We have 5 datacenter's that need to be monitored. Each datacenter has an active proxy that talks to the Zabbix server located in our primary datacenter.
We're monitoring servers and network switches/routers. All servers have the agent and do active monitoring. Network devices are monitored via SNMPv2.
To cut down on chatter between datacenter's, the primary goal is to have all hosts/devices within a datacenter communicate only with that datacenter's proxy. For the same reason, agent auto-registration is preferable to network discovery.
A secondary goal is to keep configurations as simple and uniform as possible. Yes, we could work out a process that updates ServerActive in zabbix_agentd.conf as part of a hosts build, pointing to the correct proxy. But I think that would add a layer of
complexity and won't easily scale.
What we've done
We have F5 loadbalancers. I've defined a VIP that routes traffic to the correct destination proxy based on source IP. The F5 is doing SNAT auto-map, so the proxies see the VIP when an agent checks in. Now all agents have a common configuration with a single
IP in ServerActive, exactly what we wanted. And when a host comes online for the first time, it reaches out to the correct proxy and auto-registers.
But now I'm thinking about how this is going to scale. And there is an issue with auto-registration, the network interface of all newly created hosts is the VIP. We're not doing any passive checks right now, but that could change.
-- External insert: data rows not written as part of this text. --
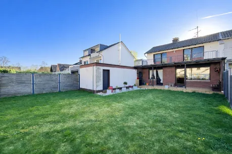 Diese Doppelhaushälfte aus dem Jahr 1970 bietet eine solide Grundsubstanz, eine großzügige Raumaufteilung und vielfältige Nutzungsmöglichkeiten. Empfangen werden Sie Ihre Gäste künftig in einem großzügigen Entrée. Kochliebhabern steht eine ca. 14 m² große Küche zur Verfügung, die über einen Zugang auf die überdachte Terrasse verfügt. Highlight dieser Immobilie ist sicherlich das ca. 42 m² große Wohn- / Esszimmer, welches sich über die gesamte Haustiefe erstreckt und ebenfalls über einen Terrassen- und Gartenzugang verfügt.
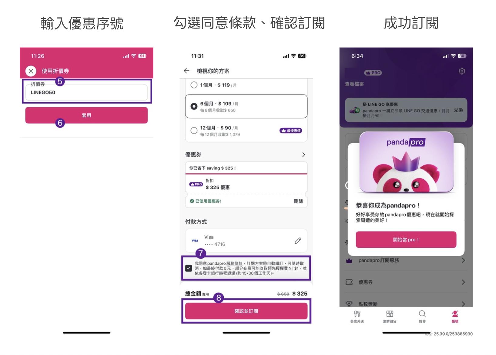 > 訂閱方式: 請點選上方活動連結後依循下方步驟完成 pandapro 訂閱
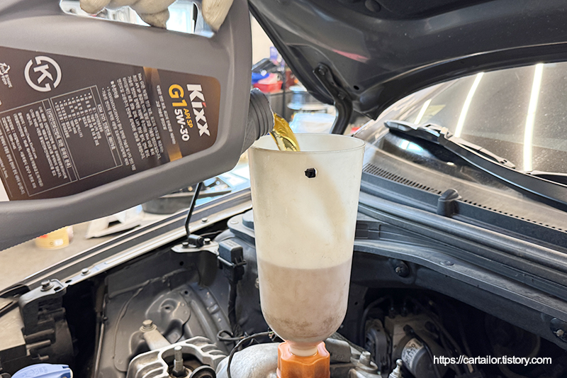 배출된 오일량과 지침서에 명시된 교환용량을 토대로 신유를 주입합니다.

If I disable SNAT on
the F5 so that the proxies see the actual source IP of the agent, everything breaks… and I'm assuming that's because only the VIP is listed in ServerActive?
If that's the case, one thought would be to add the actual proxy IP's to ServerActive in addition to the VIP, but we want to avoid a host accidentally auto-registering to the wrong proxy. Any way to force auto-registration to the first IP in the list?
Some other thoughts…
I read a thread where someone was doing something similar and changed SourceIP on the proxy to the VIP. I don't know if that would help in our case, but when I tried it all of our SNMP checks started failing.
Another thought I had was to put the F5 in between the proxies and server as well… have only 1 "virtual" proxy (the VIP)… the F5 would still route agents to the correct proxy based on network, and on the server all hosts would be associated with only one
proxy. I actually like this solution, it would make adding proxies in the future dead-simple.
But this doesn't seem to work with our SNMP monitoring… if I understand correctly, all of the proxies would then be performing the same SNMP checks on the same devices. Does that sound right?
This email has started to ramble…
What are other people doing? I've been white boarding this all morning, but the "best" setup isn't jumping out at me…